This site uses different types of cookies, including analytics and functional cookies (its own and from other sites). To change your cookie settings or find out more, click here. If you continue browsing our website, you accept these cookies.
Alteryx Server System Settings Deep Dive - Engine
This is the first in a series of articles to explore the Alteryx Server System Settings in depth to gain a deeper knowledge of what these settings are used for, and to provide a bit more context to help you determine the appropriate settings for your environment. Every organization's deployment, use cases, and business requirements are different and thus there is no single configuration to fit all. Having an understanding of the implications of each setting is vital in setting up your Alteryx Server for success.
We’ll explore the system settings for Alteryx Server as of 2019.2, through a series of articles for each component, starting with the Engine.
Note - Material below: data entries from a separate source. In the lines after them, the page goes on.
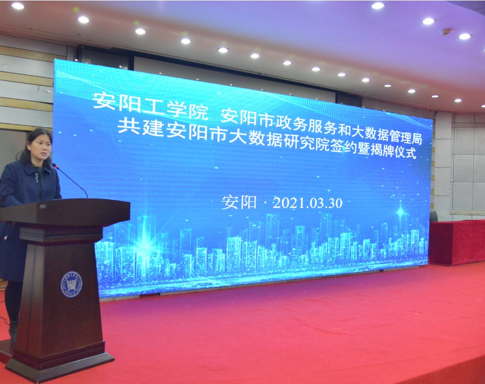 季双丽致辞,她指出高校作为科技第一生产力、人才第一资源、创新第一动力的结合点,是人工智能、大数据科技创新的重要策源地,应当为推动互联网、大数据、人工智能与实体经济深度融合提供人才和智力支撑。太阳成集团tyc151与安阳市大数据管理局成立大数据研究院,彰显了太阳成集团tyc151矢志不渝服务地方经济发展、产业发展的鲜明办学导向,希望太阳成集团tyc151进一步发挥教学、科研、人才培养等方面的优势,把大数据研究院办出特色、办出水平、办成一流,培育更多能够支撑大数据产业发展的优秀人才,为建设智慧安阳、智慧河南作出新的更大贡献。
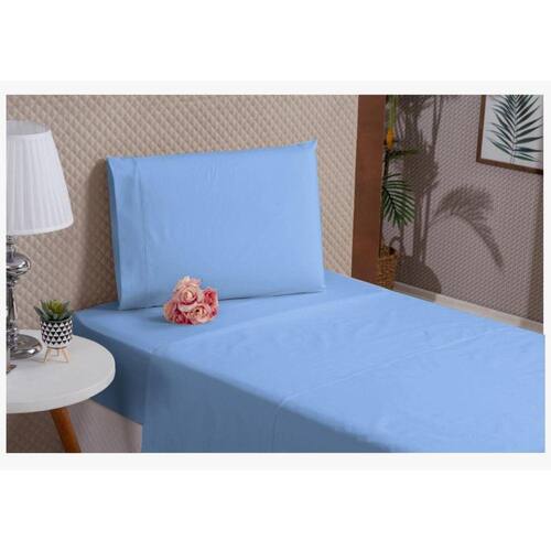 Lençol de algodão 3 peças azul solteiro percal 180 fios Jogo de lençol solteiro 3 peças Extrema maciez, vai deixar sua noite de sono mais confortável por ser produzido em um tecido percal 180 fios e 80% algodão, com ótimo acabamento, dará um ar mais elegante para o seu quarto. Contém: 01 lençol com elástico para colchão de: 1,88 x 0,88m x 0,25 cm de altura.01 lençol com acabamento em bainha 2,45m x 1,35m.01 fronhas 70cm x 50cm. As fronhas possuem um lindo acabamento em ponto palito Composição: 80% algodão e 20% poliésterTecido: percal 180 fios
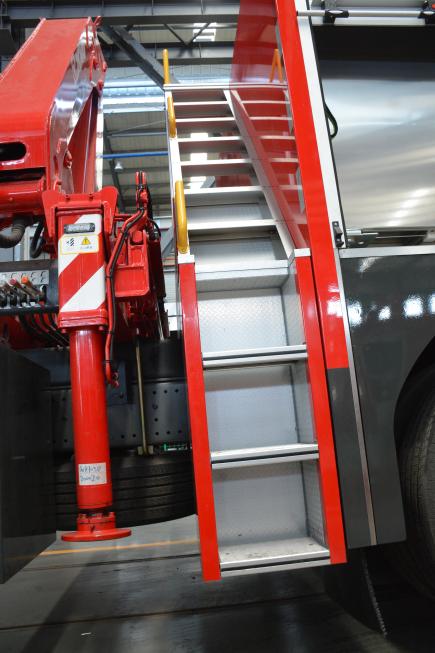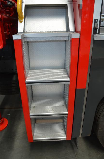 梯臺(tái)、扶手及護(hù)欄:為便于取用/收納應(yīng)急救援裝備器材,符合安全和人機(jī)工程要求,本車根據(jù)實(shí)際使用需要,設(shè)計(jì)有各種梯臺(tái)、扶手、安全護(hù)欄等輔助設(shè)施。
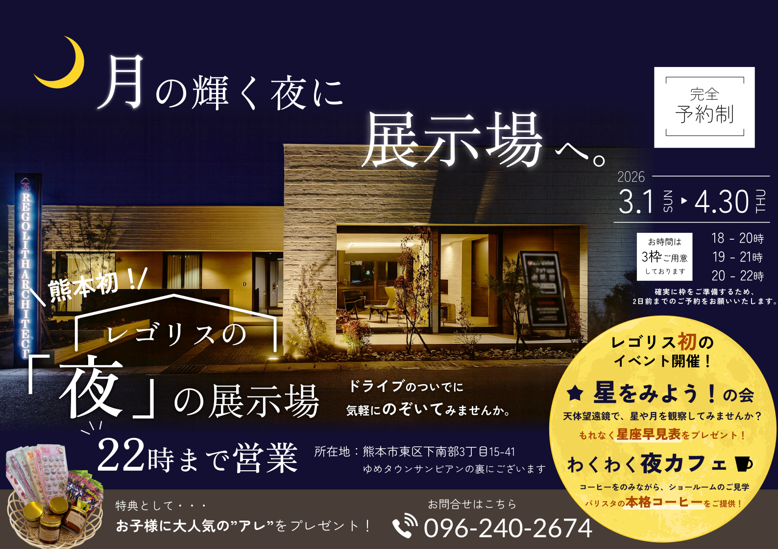 【熊本初】レゴリスの「夜」の展示場 ー月の輝く夜に展示場へー
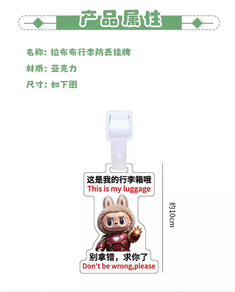 拉布布行李防丢挂牌便携卡通Labubu书包行李箱挂件/个
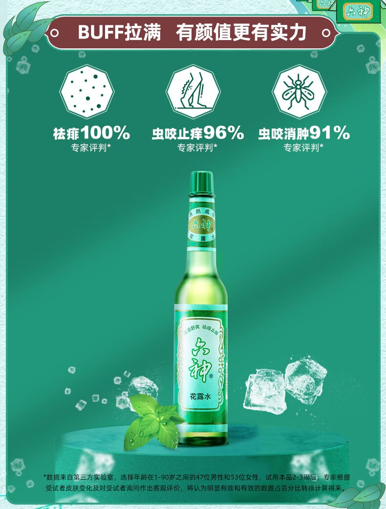 六神花露水195ml 经典老式玻璃瓶 清新花香 驱虫水防蚊水喷雾家庭装 经典花露水95ml*1瓶
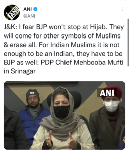 पीपुल्स डेमोक्रेटिक पार्टी (पीडीपी) के प्रमुख मुफ्ती, जो भाजपा के पूर्व सहयोगी से मुखर आलोचक हैं, जो केंद्र में भी सत्ता में हैं, ने दावा किया कि पार्टी हिजाब पर नहीं रुकेगी।

The Alteryx Engine consumes Alteryx workflows and provides high-speed data processing and analytics functionality. This process can be entirely self-contained in Alteryx Designer, scaled across an organization by the Alteryx Service, or deployed in the cloud by the Alteryx Gallery.
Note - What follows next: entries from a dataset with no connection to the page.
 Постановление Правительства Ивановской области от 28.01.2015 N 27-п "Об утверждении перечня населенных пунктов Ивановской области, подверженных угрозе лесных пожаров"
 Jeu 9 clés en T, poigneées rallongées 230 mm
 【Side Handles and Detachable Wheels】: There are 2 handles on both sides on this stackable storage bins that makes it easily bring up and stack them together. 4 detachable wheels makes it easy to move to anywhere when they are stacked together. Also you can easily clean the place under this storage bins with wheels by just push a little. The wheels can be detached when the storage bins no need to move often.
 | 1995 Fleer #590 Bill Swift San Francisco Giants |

The Alteryx Server System Settings configuration wizard allows end users to modify the Engine configuration settings:
Any changes to the configuration settings in the System Settings wizard are applied to the RuntimeSettings.xml file, found at:
Note, this file should never be modified through an editor unless specifically requested from Alteryx Customer Support.
A few of these settings are self-explanatory and sufficiently described in the Help. However, many of these can often be confusing, and some have performance implications that aren’t well understood. The subsequent sections will dive into these settings in more detail.
“The Engine Temporary Directory is the place where temporary files used in processed workflows and apps will be placed. This setting should point to a location that is safe to write large amounts of files.”
The Engine Temporary directory is a parent directory in which each workflow executed creates a sub directory for storing data needed during the processing of the workflow. Below is not an exhaustive list, but includes the most common types of data stored in the Engine temporary directory:
Browse Tool Support - Every Browse Tool in the workflow creates a separate Alteryx Database file (.yxdb) that stores the contents of the data you see in the Browse’s Results and Configuration windows. The Browse Tool allows you to view all the data as opposed to a sample, and therefore the created .yxdb files could be quite large if the data sets being processed are large. Therefore, the number of Browse Tools should not be prolific. NOTE: The temporary .yxdb files are only created when an Alteryx Workflow is run in Designer. When workflows are executed through the Gallery or a schedule, browse tools are disabled.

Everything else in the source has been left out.